O'Grady, and each of them, proxies with power of substitution to
each, for and in the name of the undersigned to vote all shares of
Common Stock of JLM Couture, Inc. (the "Company") which the
undersigned would be entitled to vote if present at the Annual
Meeting of Shareholders of the Company to be held on June 7, 1999,
at 10:00 A.M. at the offices of Kalin & Associates, P.C. located at
One Penn Plaza, Suite 1425, New York, NY, and any adjournments
thereof, upon the matters set forth in the Notice of Annual
Meeting.  

     The undersigned acknowledges receipt of the Notice of Annual
Meeting, Proxy Statement and the Company's 1998 Annual Report.

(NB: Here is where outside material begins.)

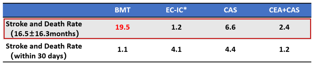 症状性患者: 争议较小。多项研究(包括团队发表的Meta分析)显示,对于症状性患者,无论是EC-IC搭桥、CAS还是复合手术,其开通手术的中长期获益均优于单纯药物治疗(BMT)。药物治疗组在中远期随访中(>1年)的卒中和死亡率接近20%。

     1.   ELECTION OF DIRECTORS

          FOR all nominees listed            WITHHOLD Authority to
          below (except as marked            vote for all nominees
          to the contrary below)             listed below         

(INSTRUCTION:  To withhold authority to vote for an individual
nominee, strike a line through such nominee's name in the list
below.)

             JOSEPH L. MURPHY, DANIEL M. SULLIVAN AND
                        JOSEPH E. O'GRADY


         FOR _______________         AGAINST _______________


     2.  IN THEIR DISCRETION, ON SUCH OTHER MATTERS AS MAY PROPERLY
COME BEFORE THE MEETING.

         FOR _______________         AGAINST _______________


     PLEASE SIGN ON THE NEXT PAGE AND RETURN THIS PROXY          
     PROMPTLY IN THE ENCLOSED ENVELOPE<PAGE>
     THIS PROXY IS
     SOLICITED ON BEHALF OF THE BOARD OF DIRECTORS
     and when properly executed will be voted as directed herein.  If no
     direction is given, this Proxy will be voted FOR proposals 1 and 2.

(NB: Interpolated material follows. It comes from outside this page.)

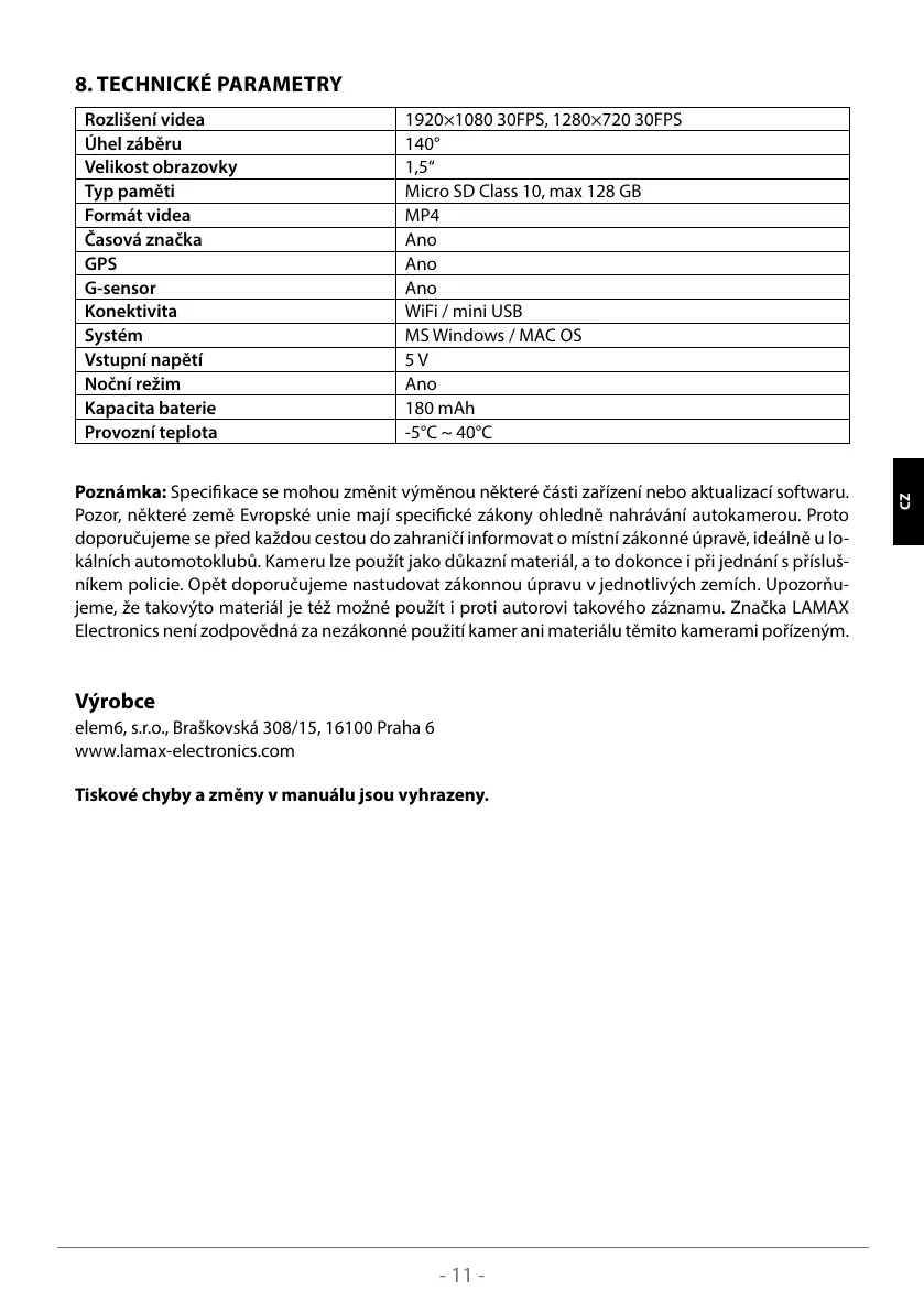 Pozor, některé země Evropské unie mají specické zákony ohledně nahrávání autokamerou. Proto

DATED:                  , 1999


                                     
(Signature)


                                     
(Signature, if held jointly)


Where stock is registered in the 
names of two or more persons ALL
should sign.  Signature(s) should
correspond exactly with the name(s)
as shown above.  Please sign, date
and return promptly in the enclosed
envelope.  No postage need be affixed
if mailed in the United States.

     Requests for copies of proxy statements, the Company's Annual
Report for its fiscal year ended October 31, 1998 or the Company's
Annual Report for its fiscal year ended October 31, 1998 on Form
10-KSB should be addressed to Shareholder Relations, JLM Couture,
Inc., 225 West 37th Street, New York, NY 10018.  This material will
be furnished without charge to any shareholder requesting it.